Keywords: brain metastasis, deep learning, machine learning, survival
1. Introduction
1.A. Clinical motivation
The median survival time for patients with brain metastases is on the order of months; however, some groups of patients can significantly outlive the median survival. Physicians have many treatment options to choose from, where the potential for disease‐free recovery is strongly connected to the treatment intensity. The brain met graded prognostic assessment (GPA) is one clinical tool that allows physicians to predict the longevity of patients with brain metastasis and thus select an appropriate treatment based on expected patient lifetime. For example, patients expected to live longer than 6 months are more likely to benefit from the short‐term memory protection offered by pin‐point radiosurgery treatment. On the other hand, patients with more limited life expectancy may be just as well served with a simpler whole brain radiotherapy, as they may not live long enough to experience the longer‐term cognitive effects of radiotherapy.

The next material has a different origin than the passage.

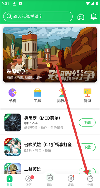 1、在進入到葫蘆俠修改器首頁中,可以點擊底部空間按鈕,進入個人空間頁面。

Brain met GPA uses multivariate Cox regression (MCR) and recursive partitioning analysis (RPA) to determine factors that significantly contribute to survival predictions. In the specific case of breast cancer, the factors determined to be most significant include Karnofsky performance status, number of metastases, and hormone receptor characterization. The weights according to MCR are used to compute an index, or scale from 0.0 to 4.0, that maximizes separation between survival curves between groups. New patients are placed in a group according to a few features and given a highly nonspecific survival estimate as in Fig. 1. 1 , 2
Fig. 1.
GPA is an online free‐to‐use tool utilized by some oncologists for patient prognosis (www.brainmetgpa.com). This validity of this tool has been established by Sperduto et al. in several journal publications with timely updates (reference: PMID: 22203767). The GPA tool uses five covariates determined to be significant by MCR to make survival predictions for patients with brain metastases and breast primary site. In this image, a breast cancer patient with age> 60, KPS in the range 90–100, tumor subtype luminal B triple‐positive, etc. is given a score of 2.5, indicating an expected survival of 11.1–47 months.

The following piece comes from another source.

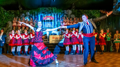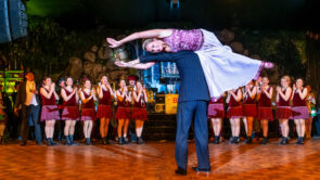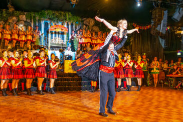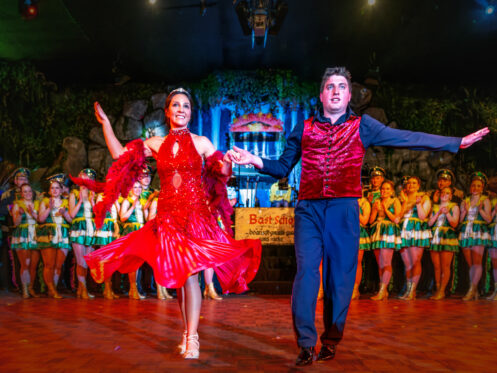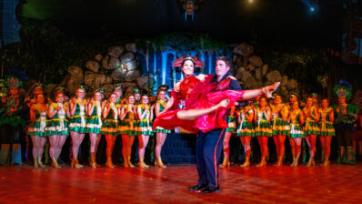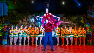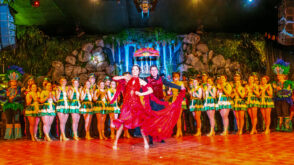 Das Programm springt in Tempo und Stil. Türkise Kostüme, goldene Fransen, ein Hauch Orient – Hände gefaltet zum Show-„Gruß“, Lächeln direkt ins Publikum, als wäre der Saal eine einzige Nahaufnahme. Dann wieder Samba-Farben, frecher, schneller, körperlicher im Ausdruck. Tanz ist hier nicht Dekoration, sondern Kommunikation: Blickkontakt, kurze Posen, ein Spiel mit dem Raum.

In this study, we focus on predicting survival probabilities for patients with brain metastases and breast primary site using a deep neural network. We expect that a representation learning approach to prognostic assessment will produce more accurate survival estimates than MCR and RPA for our dataset. Similar work in machine learning for patient prognosis has been done by Alcorn et al. 3 Their work focuses on the application of random survival forests specifically to the problem of prognosis for patients with bone metastases.
1.B. Cox proportional hazards
Proportional hazards models are regarded as the gold standard for survival analysis. 4 Cox models aim to describe a patient‐specific hazard function (event rate), given a quantitative description of their attributes (covariates, features). 5 According to the proportional hazards assumption, the event rate for patient having covariates at time is modeled with the hypothesis function.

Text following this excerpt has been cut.